Holzapfel: Quantifying Genetic Differences in Seed Losses Due to Pod Drop and Pod Shattering in Canola
Date: March 2015
Term: 4 years
Status: Completed
Researcher(s): Chris Holzapfel, Indian Head Agricultural Research Foundation, Indian Head SK, A. Kirk and L. Grenkow, Western Applied Research Corporation, Scott SK, B. Nybo, Wheatland Conservation Area Inc., Swift Current SK and S. Brandt, Northeast Agricultural Research Foundation, Melfort SK
SaskCanola Investment: n/a
Total Project Cost: n/a
Funding Partners: MCGA
Project Summary
A four-year, multiple location study was initiated in Saskatchewan in 2011 to provide information on the overall risk of environmental yield loss in straight-combined canola, and to quantify genetic differences in Brassica napus seed losses due to pod drop and pod shattering. The project results indicate that all of the hybrids evaluated could be straight-combined successfully provided that harvest was completed in a reasonably timely manner. Most importantly, growers should strive to complete harvest as soon as possible after the crop is fit to combine to reduce the overall risk of yield loss.
Across Saskatchewan, there is growing interest in straight-combining canola and mounting evidence that, on average, similar seed yields and losses can be expected to occur with straight-combining and the predominantly recommended practice of swathing. Previous research has largely overlooked genetic variability in resistance to shattering, tending to focus on other important canola harvest management issues with straight-combining.
In 2011, researchers initiated a four-year multiple location study at Indian Head, Scott, Swift Current and Melfort (Saskatchewan) to provide an improved, broader understanding of the frequency and magnitude of environmental seed losses that can occur under field conditions when B. napus hybrids are left to mature while standing. Field trials were conducted from 2011-14 with the objective of quantifying relative resistance to yield loss due to pod shatter and pod drop amongst a wide range of straight-combined B. napus hybrids. Researchers also wanted to provide information on the overall risk of environmental yield loss in straight-combined canola, particularly in cases where harvest was delayed.
Over the 4-year period, a total of 15 canola hybrids were evaluated, with updated canola hybrids added during the project. A seeding rate of 115 viable seeds/m2 was used for all plots, which were direct seeded into standing cereal stubble. In all cases, the plots were large enough to accommodate two separate harvest passes at two distinct dates.
The first harvest date (T1) was targeted for at, or slightly before, the optimal harvest stage (seed dried to 10-12% moisture content with 2% or less green seed) while the second harvest date (T2) was targeted for 3-4 weeks later. Yield losses were estimated using two separate methods; either by comparing the change in yields between optimal and delayed harvest dates and by using seed trays inserted beneath the crop canopy throughout the entire harvest period.
Source: C. Holzapfel.
Overall, the study showed that environmental conditions had a large effect on the magnitude of yield losses and were generally of greater importance than hybrid differences within any given site. When harvest was completed early, environmental yield losses were below 5% at 93% of the 13 sites. Losses generally increased when harvest was delayed by 3-4 weeks; however, total losses were still ≤5% (averaged across hybrids) at 53% of the sites and 10% or lower at 77% of the 13 site-years. These results suggest that environmental yield losses with straight-combined canola are unlikely to exceed 10%, even with minor delays in harvest.
Source: C. Holzapfel.
Although there were some varietal differences detected in resistance to pod drop and pod shatter, these differences were generally smaller than those observed either between harvest dates or across site-years and not always consistent across the sites where differences were detected. As well hybrid varieties were updated partway through the study, making direct varietal comparisons of limited value. Newer shatter tolerant hybrids such as L140P showed excellent potential for further reducing the risks of yield loss with straight-combining; however, factors such as overall yield potential, maturity and herbicide system continue to be important when choosing a canola hybrid, regardless of harvest method.

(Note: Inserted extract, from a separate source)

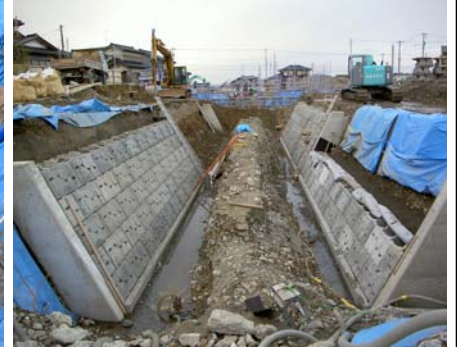
護岸工(祖父川上流側より)

The final project results indicate that all of the hybrids evaluated could be straight-combined successfully provided that harvest was completed in a reasonably timely manner. Environmental conditions and timeliness of harvest had the greatest effect on overall yield losses, and completing harvest early kept yield losses to less than 5% at the majority of the sites. While choosing a variety with reduced potential for pod shatter/drop can contribute to successful straight-combining of canola, growers should still strive to complete harvest as soon as possible after the crop is fit to combine to reduce the overall risk of yield loss.